I have plates and pots and glasses and paintings and stuff. I could draw a line under everything that isn’t with me in Cambridge, because clearly those are the things that I need/can’t live without. Except that they’re the things I need for what I’m currently doing in Cambridge, not for general life, and even then I keep looking for things that I know I own and realising with sinking heart that I can perfectly visualise which box said item is in. I am so looking forward to having my things around me again.

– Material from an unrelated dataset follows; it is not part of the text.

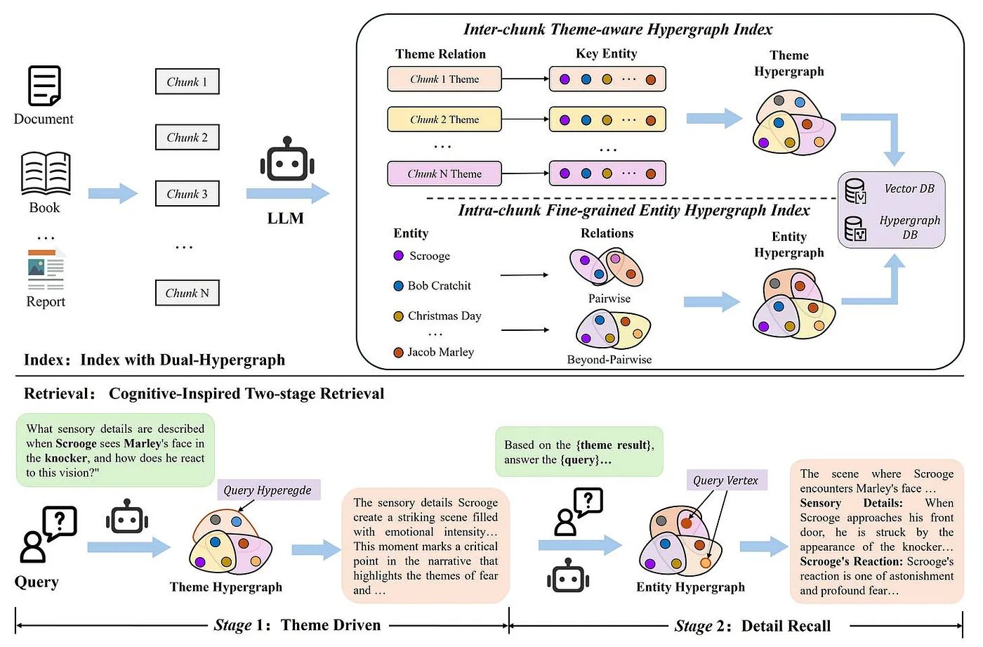 - 第1段階(テーマ主導): まず、ユーザーのクエリに関連するテーマを「テーマハイパーグラフ」から検索し、全体的な文脈の拠り所(アンカー)として機能。

And this makes me feel bad, because genuinely I’m not a particularly materialistic person (take the clothes I’m wearing out from fifteen years ago). Yes, you could get some techie geekery from me, but I don’t own a tv, a dvd player (although my screen attached to my pc does both these, not that I’ve learnt how to put a dvd in it yet) or an ipod or a fancy phone – mine was the cheapest smart phone in the shop when my 8 year-old samsung died, and I bought it, shame to say, purely because it was pink. I have little jewelry to speak of, in hindsight rather mirroring my grandmother’s attitude after a burglar took all her beautiful jewelry never to buy anything of any value again. Beyond 21st presents, not all of which survived my own burglary, nothing much to speak of there either.
So what’s in my boxes? And why haven’t I given more of it/them/stuff away? Or thrown it out? I’ve decided I probably need more time to lose more stuff. I did do (no, really) a huge amount of clearing last summer, and I’m much better these days at not collecting so much in the first place, but I’m tired, tired of living out of boxes, tired of having stuff I want to find for myself or to lend or give to someone else, in a box in a different city. Too tired physically and emotionally to skip more now. When I can put down roots next summer, things will be re-sorted as they come in. For now, enough.
And then I come back to how much I need to live with. And I remember the young man who Jesus told to give up everything everything, not just lots everything.
And I look longingly into my storage unit to boxes which I can’t even reach at the moment and I think about lives on hold, or which wouldn’t fit in to the smallest storage unit like mine. I remember the blog post about my dream home, with lockers for people to keep things safe, and how many of Sacred Trinity’s regular visitors this summer don’t even have enough to fill one of my lockers, and I am ashamed. I am comfortable and warm (now the heating’s fixed) and when I look around after all the boxes and clearout I still see stuff. And I am ashamed, and I am grateful and I am looking forward to unpacking those boxes into a space where I can begin – hopefully – to be useful to other people again.
And I pray for those people, who pack their lives into storage units because their families have broken up and they have had to move out, those whose jobs have been lost and moves have had to be made, those who have emptied deceased relatives’ houses and can’t yet bring themselves to throw away treasured memories from childhoods, and those who will never need a storage unit, for whom a storage unit might be the biggest space they’ve ever had to call their own, dry, warm and safe…




A beautiful post. The next academic year will be over before you know it and things really start to get even better with lots more questions to find.